> TASK PROMPT: Without including any pictures, retype exactly the lines from the top of the records through the line containing "附件:北京市建设工程安全文明施工费费用标准(2020版).doc", that final line included.

> EXERCISE DATA:
[Start of Attachment]

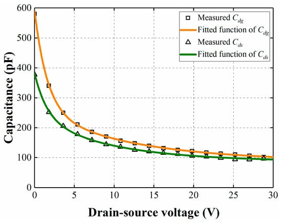where the drain-source voltage VDS increases from 0 to 30 V according to (10). The measured nonlinear capacitances and the fitted functions are shown in Figure 4.
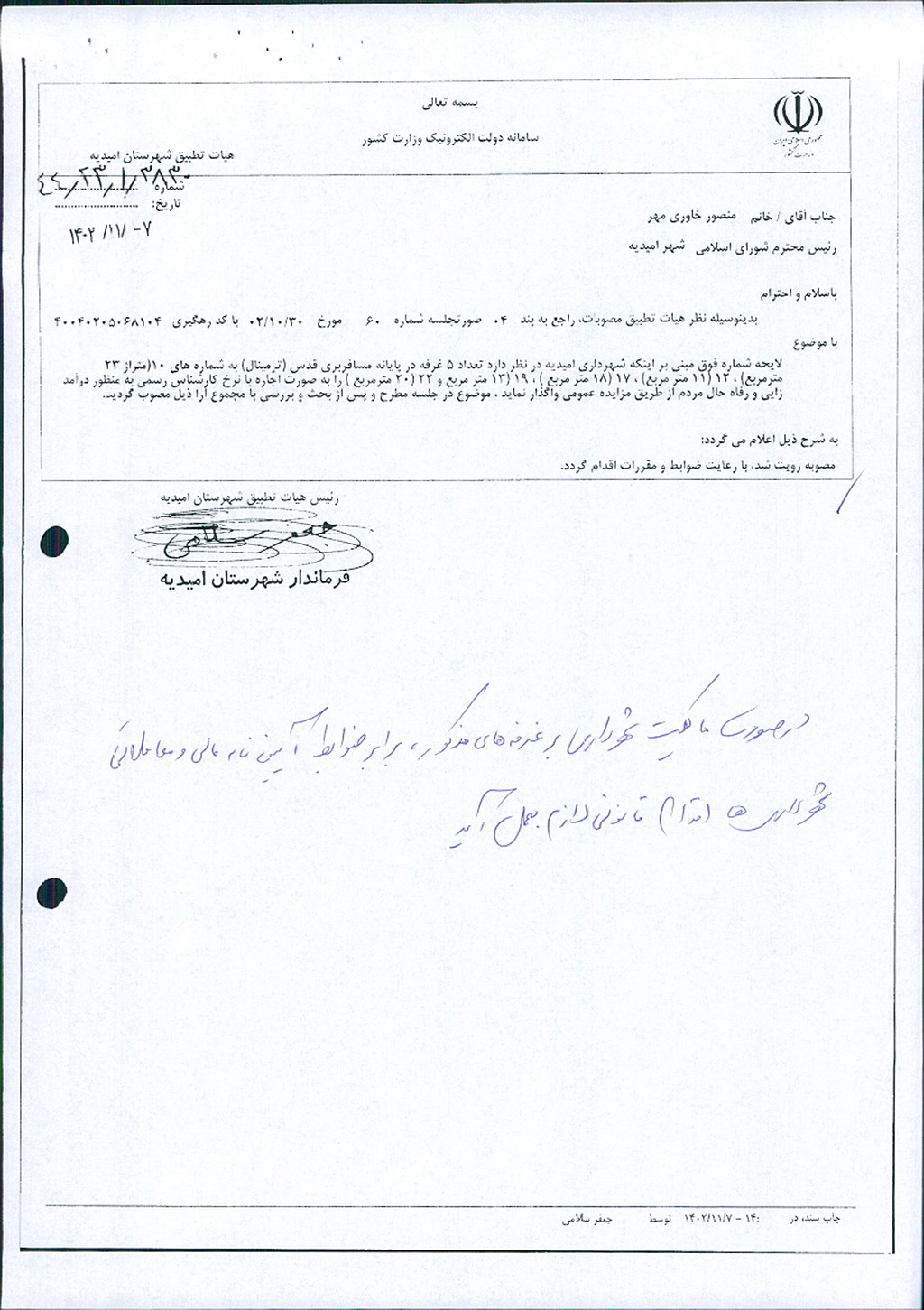 نظریه هیأت تطبیق جلسه شماره ۹۷ مورخ ۱۴۰۴/۸/۱۲ شورای اسلامی شهر امیدیه
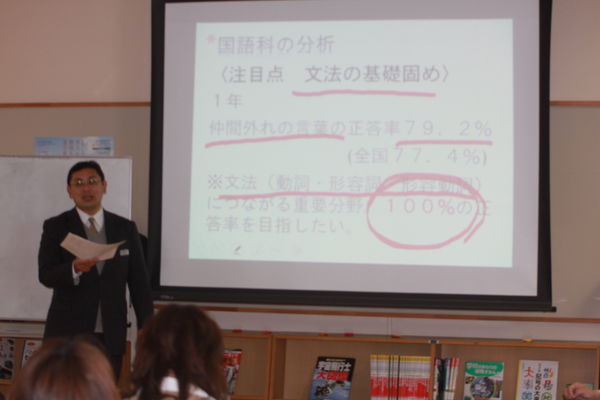 その中で,国語科では文法の指導をしっかりとしていくこと,算数科では難問を図を使って解くことのよさ,また,理科・社会の学習について説明をしました。
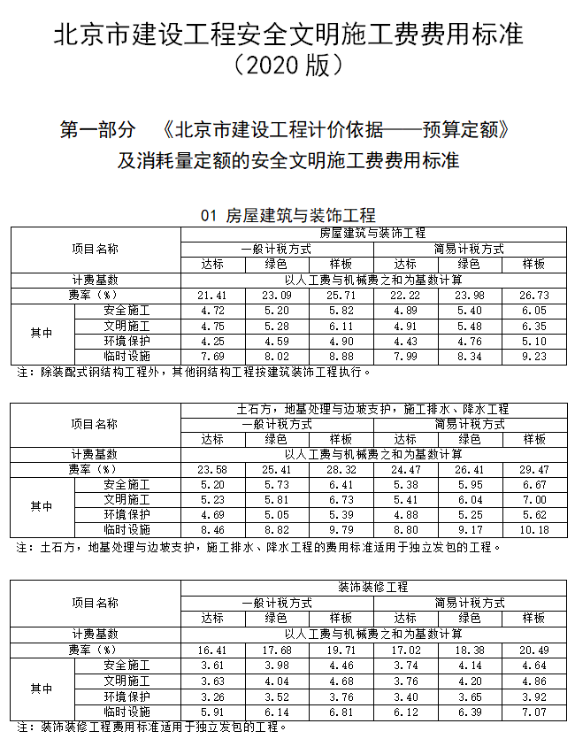 附件:北京市建设工程安全文明施工费费用标准(2020版).doc
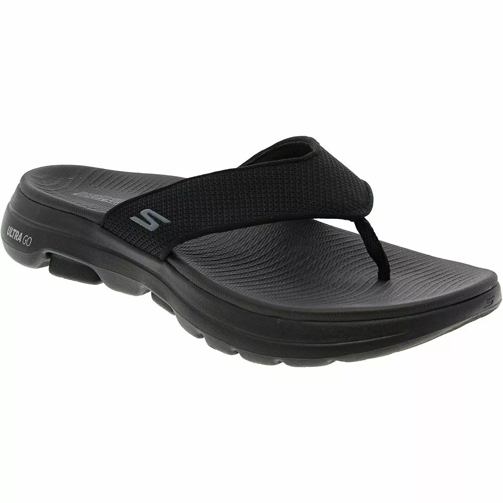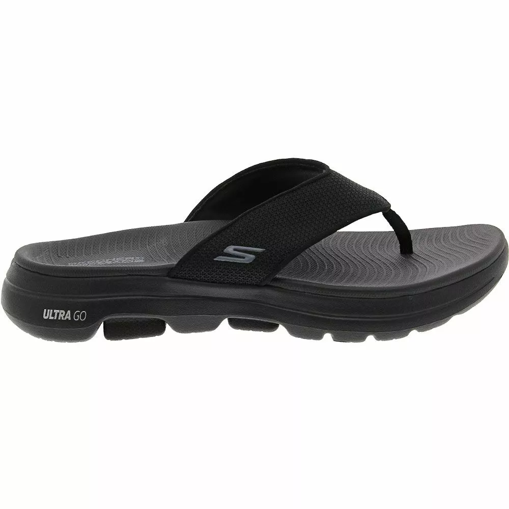 Skechers Go Walk 5 lango Sandals – Mens. These casual mens sandals are designed with comfort in mind. The Skechers Men’s GOwalk 5 – lango sandals are made with Ultra Go cushioning and Goga Max contoured footbeds to provide a lightweight cloud-like experience. Skechers uses Comfort Pillar Technology for additional support and long-lasting comfort for all-day wear. With high-stability rubber outsoles, these sporty thong sandals will be your go-to casual shoe every time you leave the house.
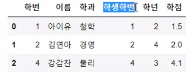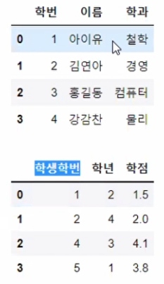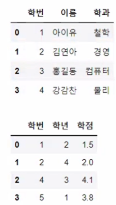 df3 = pd.merge(df1, df2, left_on='학번', right_on='학생학번', how='inner')
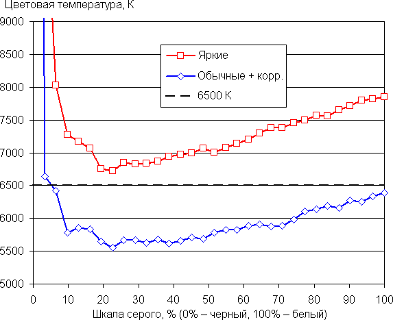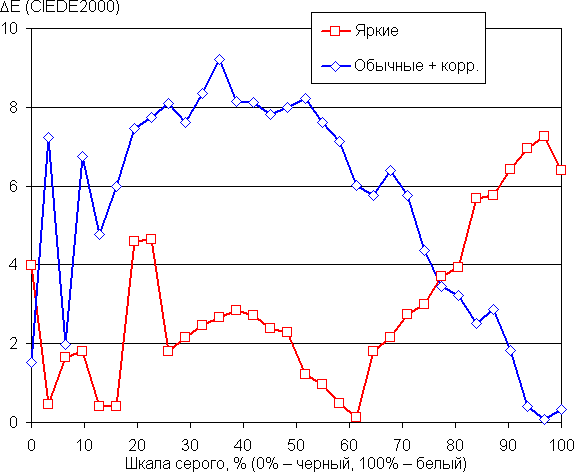 На графиках ниже кривые Яркие соответствуют результатам без какой-либо коррекции цветового баланса (профиль Яркие), а кривые Обычные + корр. — данным, полученным после выбора профиля Обычные и ручной коррекции цветового баланса (точка на круге коррекции — как на снимке выше). (Самые темные области шкалы серого можно не учитывать, так как там баланс цветов не имеет большого значения, да и погрешность измерений цветовых характеристик на низкой яркости большая.)
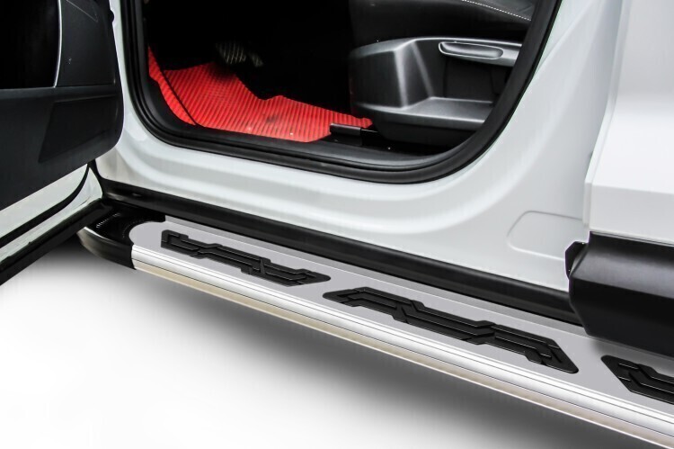 Уникальный крепеж позволяет сохранить клиренс автомобиля неизменным в 100% случаев; проектирование подножек с учетом конструктивных особенностей автомобиля позволяет установить алюминиевые пороги без сверления кузова.
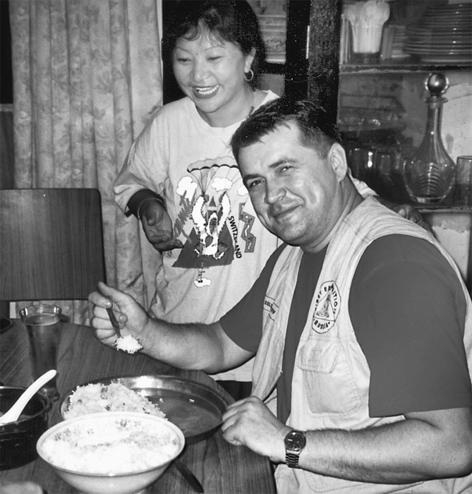 Несколько дней мы потратили на скучные хождения в китайское посольство в Непале за визами на Тибет. Но ответа из Пекина все не было. Миссис Персис – президент туристической фирмы, организовавшей нашу поездку на Тибет, чтобы развеять тревоги пригласила нас к себе домой на ужин. Она по непальским масштабам была состоятельным человеком. Случайно заглянув на кухню, я заметил там солидного размера тазик. Помня, что Селиверстов обладает завидным аппетитом, (он съедает по 100 пельменей за раз), я предложил наложить ему полный тазик риса, обещая, что мой друг справится с поставленной задачей. Всех домочадцев, особенно детей, это привело в дикий восторг.
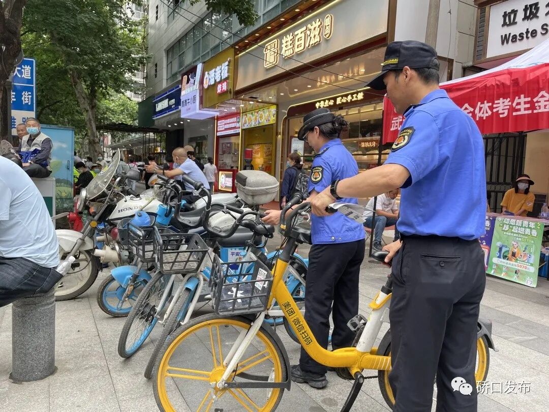 高考日,硚口“城管蓝”全力以赴担当考生的“护航者”。6月7日高考首日,自7时起,硚口区区街两级对市十一高中、十七中、二十六中、四中、一职教等5个高考考点周边开展市容秩序保障工作,安排执法人员对考点门口进行值守管控,及时劝离考点周边流动摊贩和违规散发小广告者,调度单车企业及时清运规整无序单车,确保考点周边市容环境洁净有序。
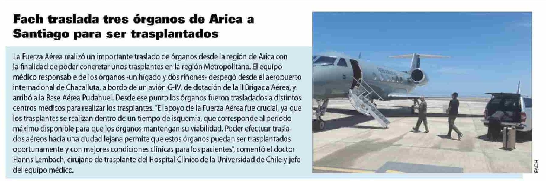 Fach traslada tres órganos de Arica a Santiago para ser trasplantados

[End of Attachment]

> WRITTEN ANSWER:
where the drain-source voltage VDS increases from 0 to 30 V according to (10). The measured nonlinear capacitances and the fitted functions are shown in Figure 4.
 نظریه هیأت تطبیق جلسه شماره ۹۷ مورخ ۱۴۰۴/۸/۱۲ شورای اسلامی شهر امیدیه
 その中で,国語科では文法の指導をしっかりとしていくこと,算数科では難問を図を使って解くことのよさ,また,理科・社会の学習について説明をしました。
 附件:北京市建设工程安全文明施工费费用标准(2020版).doc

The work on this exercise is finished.